Why is meiosis important for organisms? Imagine this, if gametes (eggs and sperms)
were to be produced by mitotic division only and not be meiosis, then the gametes
would contain the same number of chromosomes as that of the diploid somatic cells.
Consequently, when the gametes fuse during fertilization, the resulting zygote will
contain four sets of the homologous chromosome and become tetraploid.

This scenario of “doubled chromosome content” will go on to the next generations and


this leads to chromosomal aberrations. The chromosomal number is disrupted and
unkept throughout generations. This is, in fact, a case of chromosomal abnormality.
Therefore, to keep the number of chromosomes constant in each generation, gametes
are produced by the process of meiosis, during the formation of gametes, meiotic cell
division decreases the number of chromosomes to haploid.

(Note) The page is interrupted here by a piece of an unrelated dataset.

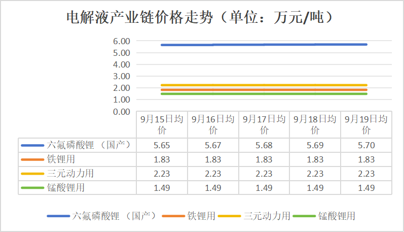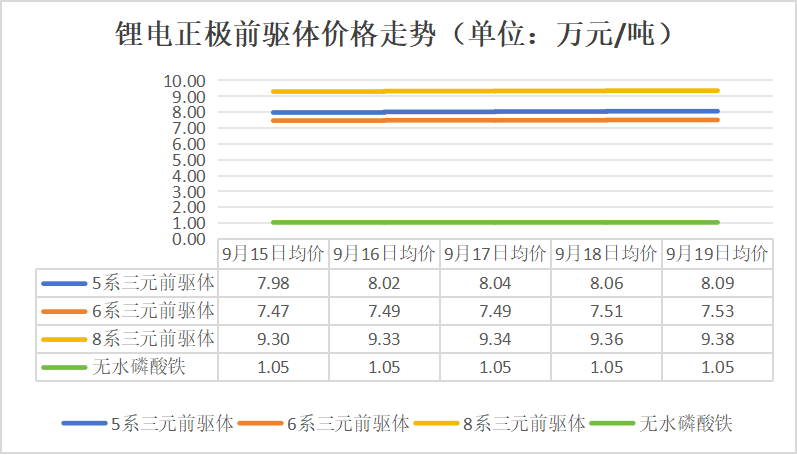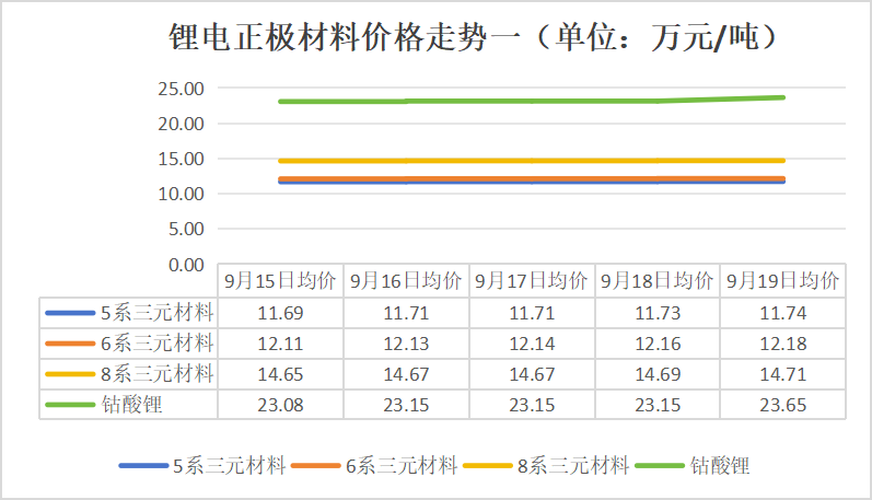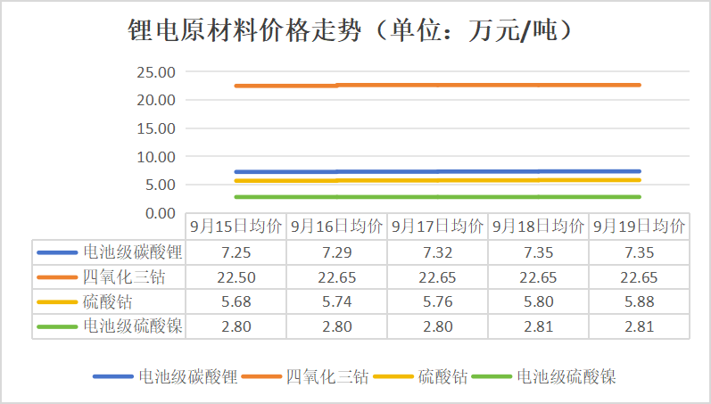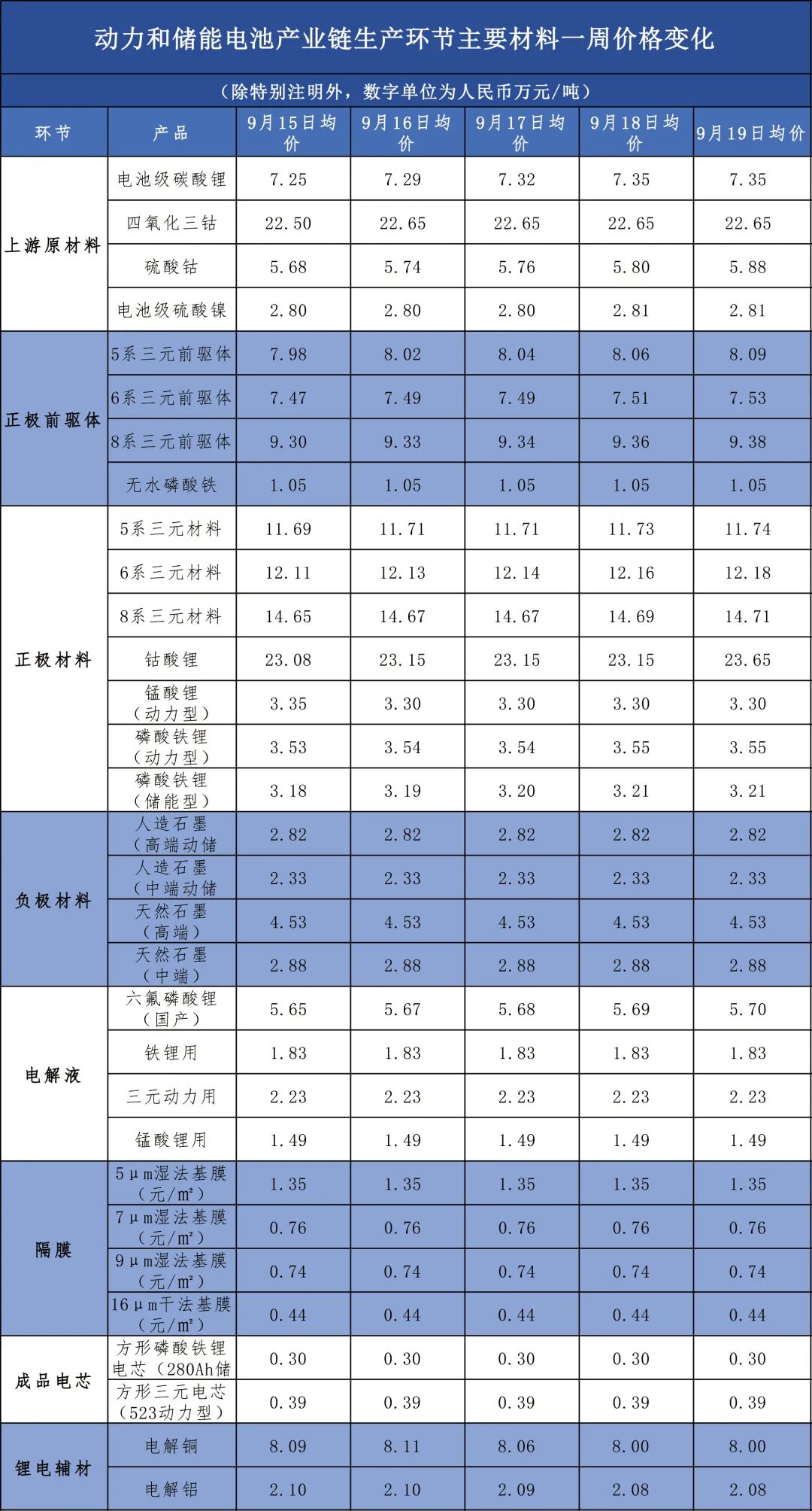 2025年9月15日-9月19日,电池级碳酸锂、硫酸钴、5/6/8系三元前驱体、5/6/8系三元材料、储能型磷酸铁锂、六氟磷酸锂(国产)价格持续上涨;四氧化三钴、电池级硫酸镍、钴酸锂、动力型磷酸铁锂价格有所上涨;动力型锰酸锂、电解铝价格有所下跌;电解铜价格先涨后跌;无水磷酸铁、铁锂用/三元动力用/锰酸锂用电解液、负极材料、隔膜、成品电芯价格保持稳定。

So what does meiosis produce? Meiosis starts with one round of replication of


chromosomal DNA, then two steps of nuclear division. As a result, four daughter nuclei
(each of them is present in a new daughter cell) are produced from the meiotic division
of the original cell. Each daughter cell nucleus contains only a haploid number of
chromosomes. The formation of gametes haploid cells occurs in two rounds: Meiosis I
and II, with DNA replication for one time only (at the S phase of interphase).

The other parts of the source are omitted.